Piensa que ella reconoce el esfuerzo. Apura. Tensa las piernas afirmadas en las cuadernas. Tensa los brazos y la espalda. El sol se hace ver, en el brillo de las gotas que caen desde las palas de los remos y en la costa que se ilumina en la lejanía. Rema más fuerte. Lo que se puede para un hombre de su edad.
Ya no mira hacia dónde va, porque siente el ruido de la ballena. Parece esperarle. Imagina que ella ve una mancha oscura que se aproxima, o quizás ve en detalle el bote que aún conserva, el mástil, las velas, los remos, la silueta vieja y desgastada.
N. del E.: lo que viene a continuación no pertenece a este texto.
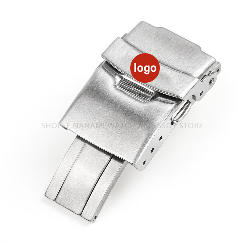 Solid 304 Stainless Steel Watch Buckle for Seiko Diving Folding Clasp 18mm 20mm 22mm 24mm Metal Double Press Button with Logo Watch Strap Accessories

Verá desde sus ojos enormes, húmedos y vítreos el sombrero que usa para que el sol no lo deshaga, la barba blanca que tapa buena parte de las arrugas del rostro, y las manos surcadas de tiempo.
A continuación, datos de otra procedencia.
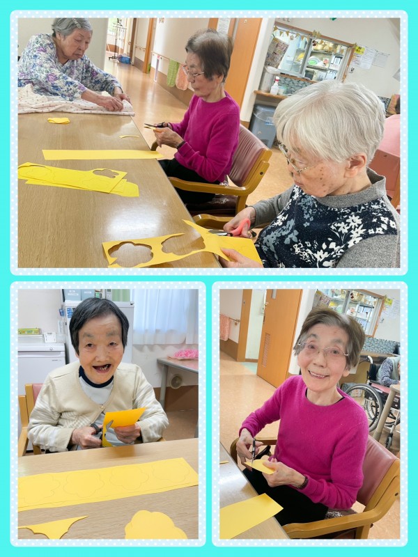 利用者様にお花紙を蛇腹に折って頂きM子様とK様が花をめくってくれました。

Aquí es donde se detiene y acomoda los remos dentro del bote. Aquí es donde espera. La ballena se va a aproximar curiosa. Y lo hace. Lentamente. Como si una fuerza inmóvil la trasladara. El viejo cierra los ojos. Escucha el breve chasquido de una aleta que golpea el agua. La respiración profunda, animal. El aroma del tiempo del océano. El mar es un lago calmo interrumpido por el lento movimiento de la ballena que se acerca. Piensa en las horas de silencio que junto a su abuelo compartían mirando el irrepetible mar. Se aferra con las manos a la madera del bote. Escucha el canto de la ballena que en esa breve distancia es como una cuerda afinándose, como si la ballena buscara el tono justo y preciso. Ahora se encuentran a la par. El viejo abre los ojos. Ella enorme al lado de su pequeñez absoluta. Se deja acariciar. Él pasa la mano con la ternura de un padre. Se inclina arrodillado en el bote y extiende sus brazos sobre el cuerpo bestial.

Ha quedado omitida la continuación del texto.